*** ENTRIES SHOWN ***

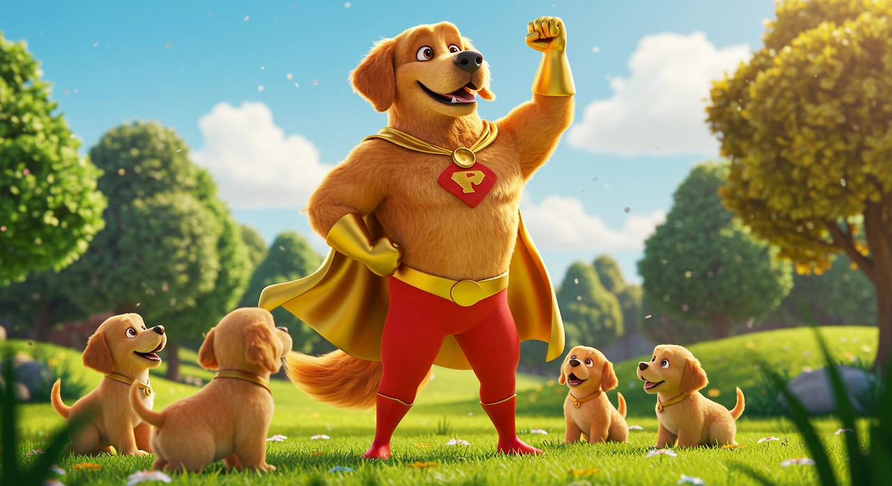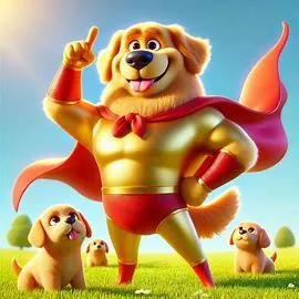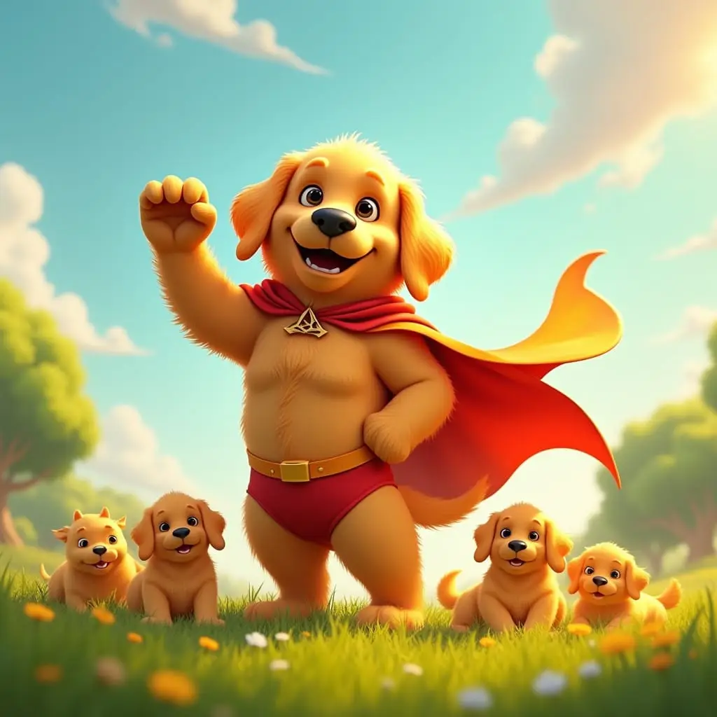 또 작은 골든 리트리버들이 히어로 주변에서 구경하는 이미지로 해 달라고
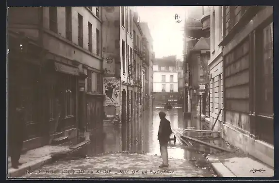 AK Paris, Crue de la Seine, Rue de la Bucherie inondée avec un homme observant l`eau
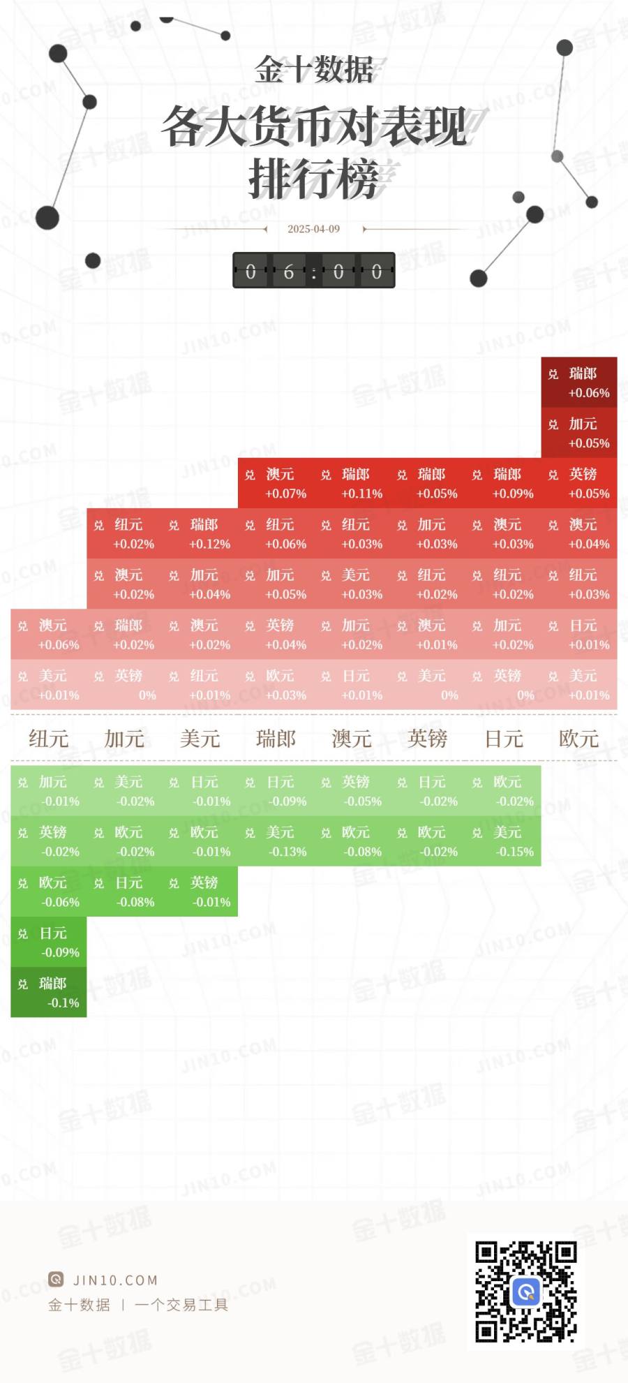 金十图示:2025年04月09日(周三)各大货币对表现 | | | | | | | | | 兑 瑞郎 | | --- | --- | --- | --- | --- | --- | --- | --- | --- | | | | | | | | | | +0.06% | | | | | | | | | | 兑 加元 | | | | | | | | | | +0.05% | | | 兑 澳元 兑 瑞郎 | | | | | 兑 瑞郎 | 兑 瑞郎 | 兑 英镑 | | | | | | +0.07% | +0.11% | +0.05% | +0.09% | +0.05% | | | | 兑 纽元 | 兑 瑞郎 | 兑 纽元 | 兑 细元 | 兑 加元 | 兑 澳元 | 兑 澳元 | | | | +0.02% | +0.12% | +0.06% | +0.03% | +0.03% | +0.03% | +0.04% | | | | 兑 澳元 | 兑 加元 | 兑 加元 | 兑 美元 | 兑 细元 | 兑 纽元 | 兑 纽元 | | | | +0.02% | +0.04% | +0.05% | +0.03% | +0. ...
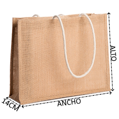 Bolsa de playa rectangular de yute con asas de algodón de 70 cm. (9-10 mm. diámetro).
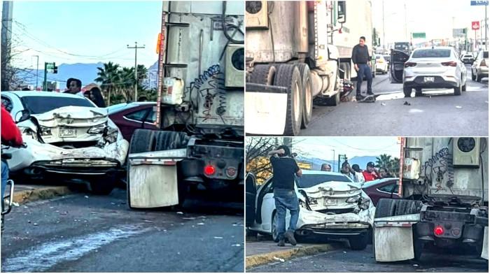 Dos vehículos fueron chocados por un tractocamión que los "prensó" contra otro tráiler en la Tecnológico y casi Miguel de Cervantes, lo que dejó a varias personas lesionadas y cuantiosos daños materiales.

*** End of ENTRIES SHOWN ***

▶ _WORK TASK_: In the data above, please extract the lines from the first one through the line with "AK Paris, Crue", exactly, and keep pictures out.

▶ _TASK RESPONSE_:
 또 작은 골든 리트리버들이 히어로 주변에서 구경하는 이미지로 해 달라고
 AK Paris, Crue de la Seine, Rue de la Bucherie inondée avec un homme observant l`eau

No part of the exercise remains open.